Wireless NES Controller

NES1

This project is a modified wireless NES controller which is USB compatible with windows. It has the modern functionality of today’s controllers but the look and feel of the original classic.

Note: Even though this project has long been officially retired, I am still actively working to update this page and it’s documentation.  Please pardon the mess.

Acknowledgements
This project features work or was inspired by work from the following individuals:
Dean Cameron | LUFA USB Stack
Darran Hunt | Arduino Hacking Blog
Mark Feldman | ppl-pilot.com
Ryan97128 | Nintendo Controller MP3, Version 2.0
Mike McCauley | Virtual Wire Library

Project Source Code
Link | (Github)

WIRELESS NES Controller Schematic

Problem Space
Nowadays, anyone can buy  a wireless or Bluetooth video game controller for their computer and play old school video games using an emulator. But I prefer the feel of the original NES controller when playing all those classic games because it helps bring back a sense of nostalgia each time I play. At the same time, I have grown accustomed to the wireless features of today’s controllers and find going back to having a ridiculous controller cable draped across the living room a hassle. From a historical perspective, there actually were a few wireless NES controllers that were mass produced during Nintendo’s heyday, but many if not all of those solutions were based on infrared transmission technology, and likewise suffered from the same line of sight and interference issues your television remote does.
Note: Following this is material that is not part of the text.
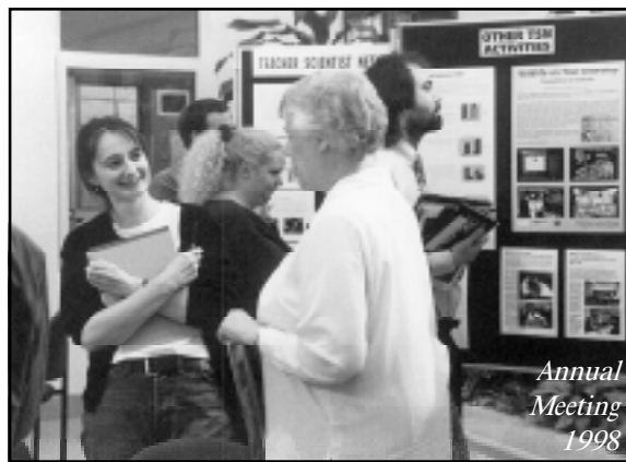
Annual Meeting 1998

Discussion this year centred upon how we might support primary school science, as we do with 'master classes' for high school teachers. We now have funding for this support and are exploring ways of working with the LEA to provide this. Watch this space.

This issue made games nearly unplayable, and is the reason those controllers were never a big hit. This project is my attempt at to fix that problem from years ago by giving the original NES controller a modern wireless upgrade. Additionally, this project would become an important step in my journey toward understanding electricity and what programming was all about. Roughly a year later, I had a modified classic NES controller in my hands which is wireless, rechargeable and USB compatible. Completing this project is part of what inspired me to go back to school and become an engineer.

Basic Features:

  • The NES controller transmitter contains an atmel328p IC running the Arduino bootloader.
  • Light up “Nintendo” logo w/ custom wakeup, sleep, low battery, shutdown, and startup LED effects.
  • Internal 3.7V IPod Nano Lipo battery (boosted to 5V).
  • Sleep mode after inactivity (with LED warning pulse).
  • Wake from sleep on button press.
  • Transmitter can be easily modified to work with other controller protocols  (SNES, ATARI, etc.)
  • Physical On/Off switch
  • 2.5mm barrel jack for insertion of a polarized charging cable.
  • 4-wire JST connector for quick controller firmware updates.
  • Uses an RF Link 315Mhz receiver and transmitter pair running at 4800 baud.
  • The Base-Receiver is an Arduino Uno with the Atmel 8U2 flashed with custom firmware to appear as an HID joystick in windows.

Development Cycle

Background information
I was nearly an absolute beginner in both in electricity and in programming at the start of this project. Additionally, I had just finished building my first HTPC, which I put a bunch of old school emulators and games on that i wanted to play. At around this same time, I also become very curious about electricity. I saw a special on TV hosted by a yet-to-be-famous Bre Pettis (future co-founder of the popular 3-D printer company Makerbot). In that special, I saw Bre charge and power an odometer on his bike using magnets attached to his bike wheels. After seeing that, I walked into the local radio shack and bought a battery, wire, a switch and a light bulb and started doing my own experiments. I also heard about something called an Arduino, and took the “Intro to Arduino” workshop at NYCResistor, a makerspace close to my apartment. That 3-hour class taught me how to solder and put together a Freeduino (Arduino-clone) and program it. Up till this point, that was my only soldering experience. I also wrote my first piece of C code while I was there, blinking S.O.S. in a loop. I got a thrill from these experiences, and I saw this project as the perfect opportunity to continue having that thrill. I started discussing this wireless controller idea with friends and they were all very supportive, but I’m also sure they secretly thought I was over reaching. I can’t say I blame them. How many non-engineers do you know who just suddenly “want to make a wireless video game controller” out of the blue, and go off doing it? I didn’t know anyone either, quite frankly. Which also meant I’d have to figure much of it out on my own. I wouldn’t have someone I knew who I could go to when I had questions. But by the end of this project, I learned how to go out and get many of these answers for myself.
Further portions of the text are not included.